On X date, I discovered your affair with Jane Brown (has she left her husband yet?). On Y date I discovered your affairs with Sarah Green and Julie White, both of whom you finished with in Z month.

I have known about this since you announced that you needed "space" back in February. Why didnt I say anything? Because I needed to make sure that I got what I wanted, and now I have, because you are too stupid to believe that you would ever get caught. You were wrong. Now I am sure that you will use this to "prove" that I am such an awful person that it justifies you having a two year affair with Jane and other shorter affairs at the same time as her, but it doesnt. Its just proves that you are not as clever as you think you are.

Your former in laws, neighbours, friends and aquaintances also know as frankly I did not think that your behaviour was a secret I needed to keep.

Have a nice life. Or not, I dont care either way and I never did!"

If you can find out her and her husbands contact details (Linkedin is a good way to do that) then cc them and any people that you know he wants to view him in a good way.

this is excellent, thank you!

OP posts:
taylorswift1989 · 07/11/2024 17:40

"Have a nice life. Or not, I dont care either way and I never did!"

I think that's an okay email apart from this bit. Please don't write anything like this, OP. You did care, once, very much, and it just sounds like goading him.

I'm not convinced that any email or confrontation is necessary. Yes tell the OW's husband. I would say nothing to your ex. Then when he inevitably comes to you and asks how you knew about the affair, you can say, "I always knew. I knew about X and Y too."

I don't know. I just don't think a big dramatic message will make you feel good, or like you have closure. It's highly likely to stir him up to do or say something cruel to you. You can't win with people like him. The best advice with such toxic people is to just get away from them as quickly and as safely as you can. He's not a safe person to say these things too, because he will quite possibly seek some kind of revenge.

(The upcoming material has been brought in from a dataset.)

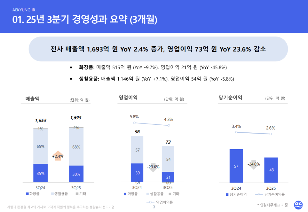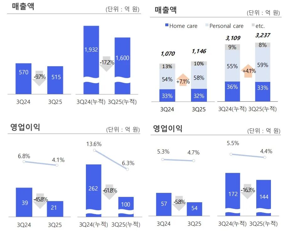 在2025年Q3,愛敬旗下美容業(yè)務(wù)營收為515億韓元(約合人民幣2.55億元),同比下滑9.7%,營業(yè)利潤為21億韓元(約合人民幣0.10億元),同比大跌45.8%。

RandomMess · 07/11/2024 18:24

You could just keep it sweet.

Pleased the house is now mine and I have what I wanted, don't need to pretend I don't know about your affairs and ad hoc sex with others anymore.

Mum5net · 08/11/2024 10:29

@RandomMess ’s four lines are just so brutal; those would really sting, OP.
I think omitting detail will irritate him
immeasurably and land the deftest blow.

TheShellBeach · 08/11/2024 14:24

RandomMess · 07/11/2024 18:24

You could just keep it sweet.

Pleased the house is now mine and I have what I wanted, don't need to pretend I don't know about your affairs and ad hoc sex with others anymore.

Ooh I like this!

permanently · 08/11/2024 19:04

OP you are a legend. Truly xx

taylorswift1989 · 09/11/2024 07:41

RandomMess · 07/11/2024 18:24

You could just keep it sweet.

Pleased the house is now mine and I have what I wanted, don't need to pretend I don't know about your affairs and ad hoc sex with others anymore.

I like that!

Seashellssanctuary · 09/11/2024 08:16

@RandomMess has cracked it
.
I initially felt giving the full details would be good but I think in fact it would provide too much of the pain and emotion that you suffered.

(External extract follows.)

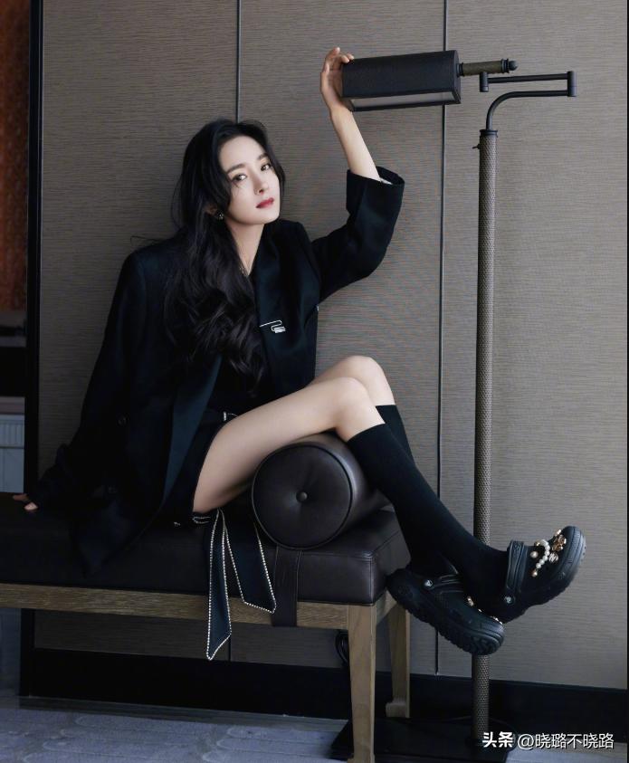 洞洞鞋本覺得日常出街,想要舒適還是一種不錯的選擇,但哪來搭配氣質西裝或者出席場合,是不是就有點太不適合了,像楊冪這一身穿搭,搭配一雙高跟鞋或者過膝靴不比洞洞鞋更有氣質更有高級感嗎?

The short non detailed response shows that you are content with the outcome.

Make sure it's a text or an email so you can look back on it fondly as the time the your new wonderful life began

RandomMess · 09/11/2024 10:39

I do think it will leave him wondering just how long you have known about it - months/years/decades and how long you have been playing him for.

However I would send and then immediately block as he will come back with nasty personal comments and it will be all your fault somehow.

Nearly there, just keep going Flowers

trippingthelightfantastic1 · 10/11/2024 21:33

Just telling the OW's husband what you know, including how long you have kept it a secret and why, is a much better tactic. You can feed him exactly what you want to travel back to your ex as there is no doubt that would happen. Your ex will feel an even bigger fool as he will have the humiliation of his fuckery and your victory being outed by the OW through her husband, and he will know that you couldn't even be bothered to engage in a conversation with him about it. I think that will get to him far more than you confronting him. Silence (from you to him) is golden!